How To Deal With Long-Term Guests

Have your tenant’s guests made themselves at home in your rental? We have a few things that landlords should keep in mind.

It starts out with a long weekend or a few overnights here and there. Then your renter’s friend or significant other starts spending more time at the property, changes their mailing address, moves in their personal items…what do you do?

First of all, make sure to include something about long-term guests in your lease.

Check with your local laws to see how many days it takes for a guest to turn into a tenant. In some states, an individual who occupies a property for 30 consecutive days has tenancy rights. Use local laws to determine when a guest will be considered a tenant.

If an additional tenant would violate occupancy rules and an additional person is not an option, then be sure to outline penalties for tenants who violate this rule.

If you suspect someone has moved in, look for clues

Chances are, you’ll have some warning that you have a prospective tenant on the horizon.
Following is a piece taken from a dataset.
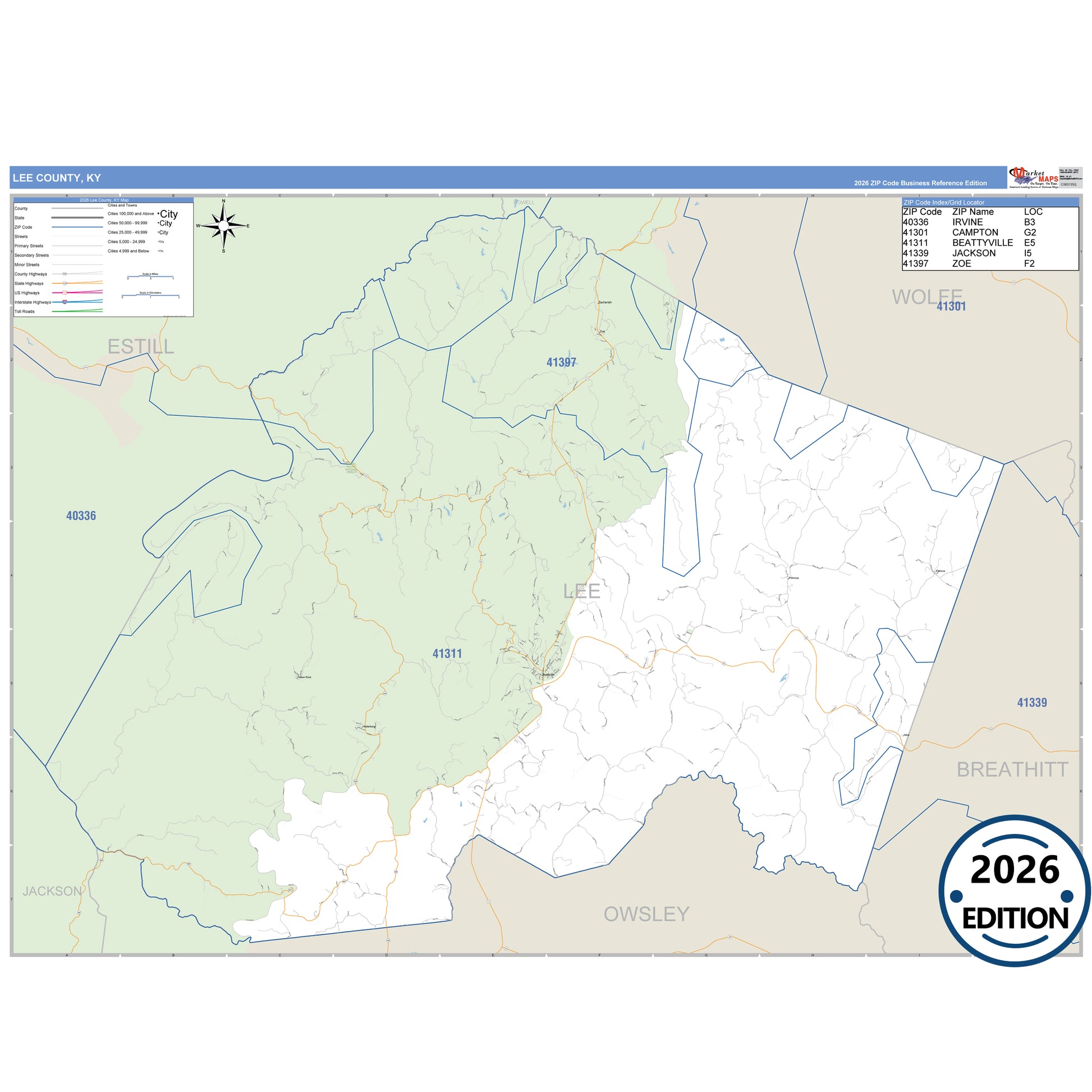 The Business Reference Style Lee County, KY is a detailed map that includes all towns, cities, major roadways, and highways. Available in multiple wall map sizes, perfect for home, school, office, or business display.

If your current renter doesn’t come to you directly, watch for these tell-tale signs:

  • Extra cars
  • Additional people at the unit when you visit the property
  • Higher utilities
  • In addition, neighbors may clue you into changes, depending on how involved they are.

Chat with your current tenant

Before talking to your renter, know what your stance is going to be. Go over the terms of the lease regarding additional occupants. Ask questions about how long the guest is staying and discuss whether or not they’re planning on using your rental as their primary residence.

Let them know what expectations there are for anyone who occupies your property. If someone is living their long-term, they’ll need to contribute rent and go through the screening process.

Follow up

If a guest has turned into a tenant, then they will follow the same procedure as any other tenant when moving in. Have them fill out a tenant rental application and complete a credit report and criminal background check. Figure out an appropriate rent and cover all lease terms with them.

Be proactive about this situation so that you can make the most of it. Sure, it’s never a great situation if your renter lies to you about another person moving in. However, if you can take on another renter, then your rental will earn more income. Again, always check with local laws regarding tenancy.